Edit: I had a bug in my custom loss function. My network is indeed not learning anything. A bit of a bummer but at least it makes sense now.
I implemented a custom loss function that does the following for each minibatch:
- Finds the lowest to highest sort order of the predictions
- Applies this sort order to the response variable such that a copy of the response variable is created that is sorted in order as determined by the predictions. I will call this “prediction-sorted response variable” in subsequent steps.
- Takes the cumulative sum of the prediction-sorted response variable
- Normalizes the cumulative sum of the prediction-sorted response variable by dividing by the sum of the all the response such that the cumulative sum of the prediction-sorted response variables goes from 0.0 to 1.0.

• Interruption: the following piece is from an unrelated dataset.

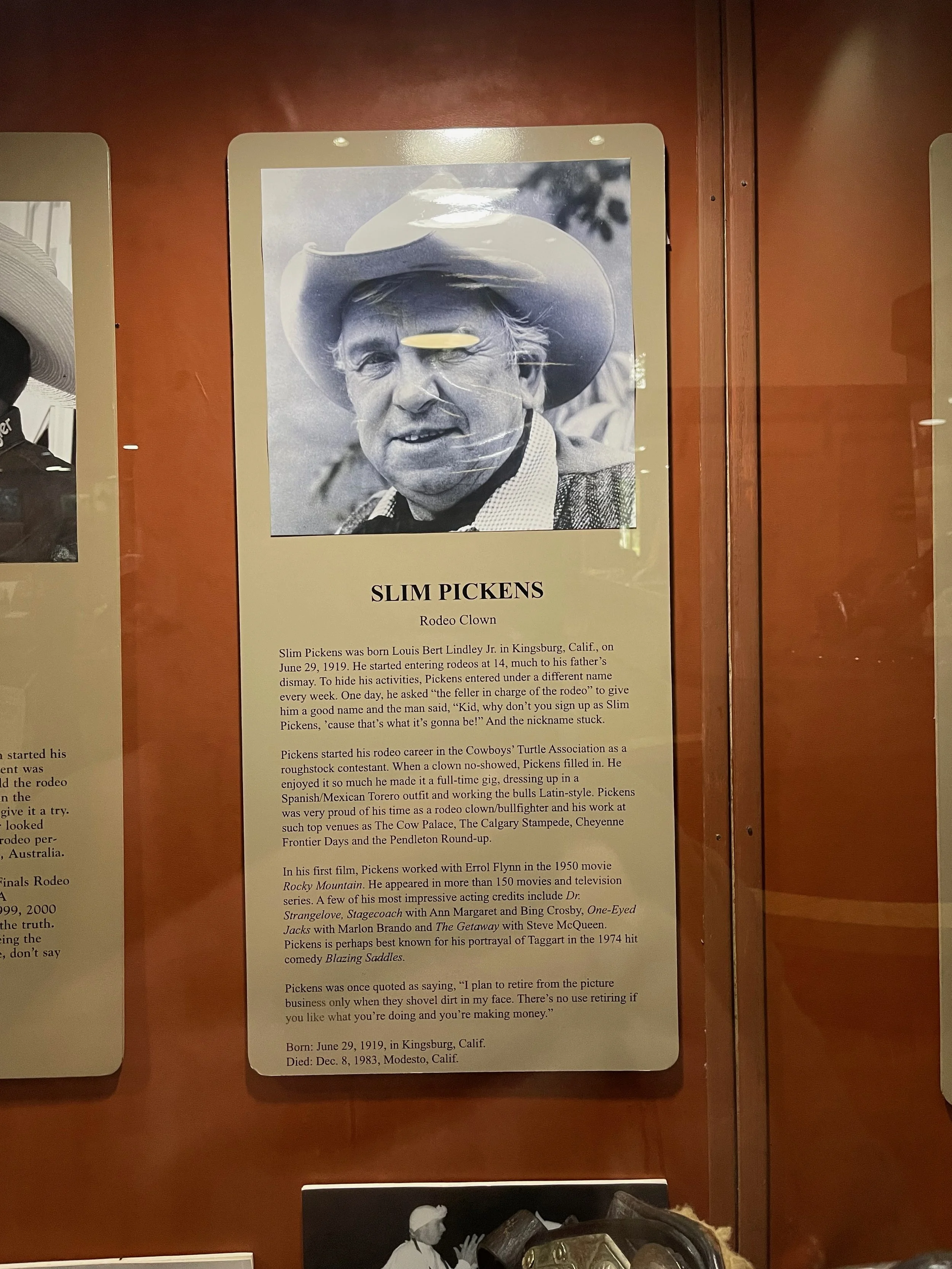 After the museum I headed north and arrived at the Pro Rodeo Hall of Fame and the American Cowboy Museum. I arrived just in time to see the video on the history of rodeo. It was very informative and entertaining. When we were in South Dakota we went to a regional rodeo and enjoyed it. Then in Tombstone we watched bull riding. Both venues were a lot of fun. Back home we have a local who sponsors a Pro Bull Riding (PBR) event. His name is Jerome Davis. I am hoping to get to more rodeo events once we are home. The museum and hall of fame is loaded with artifacts and explains the equipment and clothing cowboys wear and why. There is even some displays about Olympic events and ladies in rodeo. I thoroughly enjoyed my day but after all this walking I am ready to go home and sit down.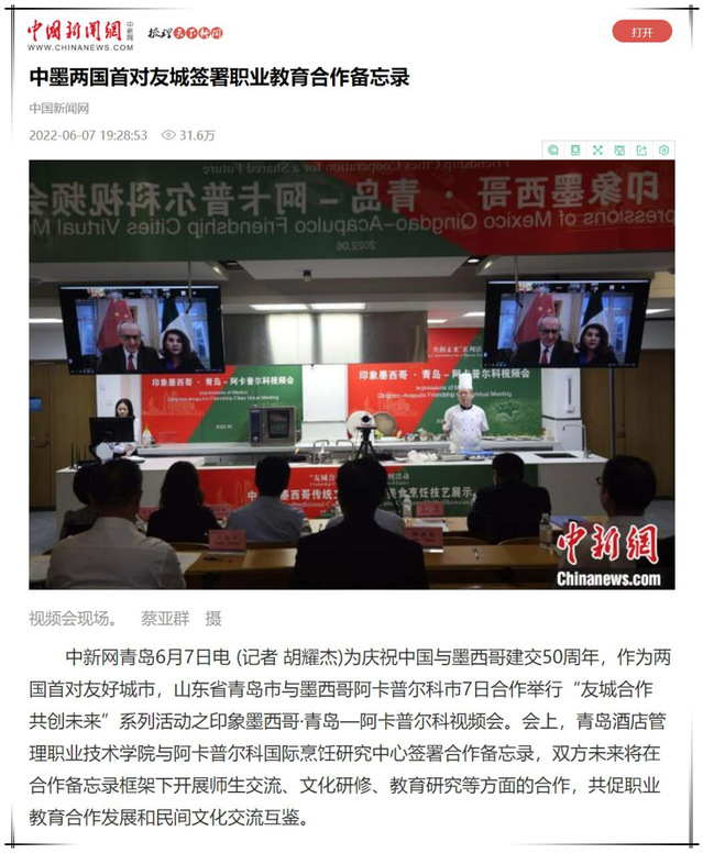 本网讯(国际交流与合作处 张晴)近日来,《中国日报》、中国新闻网、中央广电总台国际在线、凤凰网、《香港商报》、青岛广播电视台、青岛之窗、《青岛晚报》、青岛财经网、蓝睛等多家媒体持续报道学校签约墨西哥阿卡普尔科国际烹饪研究中心,引起了良好反响,提升了学校的社会影响力和美誉度。

- Now, we have a Lorenz curve from economic theory. So, I approximate the area under this Lorenz curve by summing up the successive difference in the cumulative sum of the prediction-sorted response variable.
Somewhat surprisingly to me, the network seems to learn something in the presence of this weird loss function.
But, I can’t wrap my head around is how the heck it does learn? I would think the sorting action would make it impossible for PyTorch to keep track of the gradients that each observation in the minibatch contributes to each of the network’s weights. Can anyone who understands backprop better than I give an explanation of how the network is learning? Or a test to confirm that it’s learning correctly?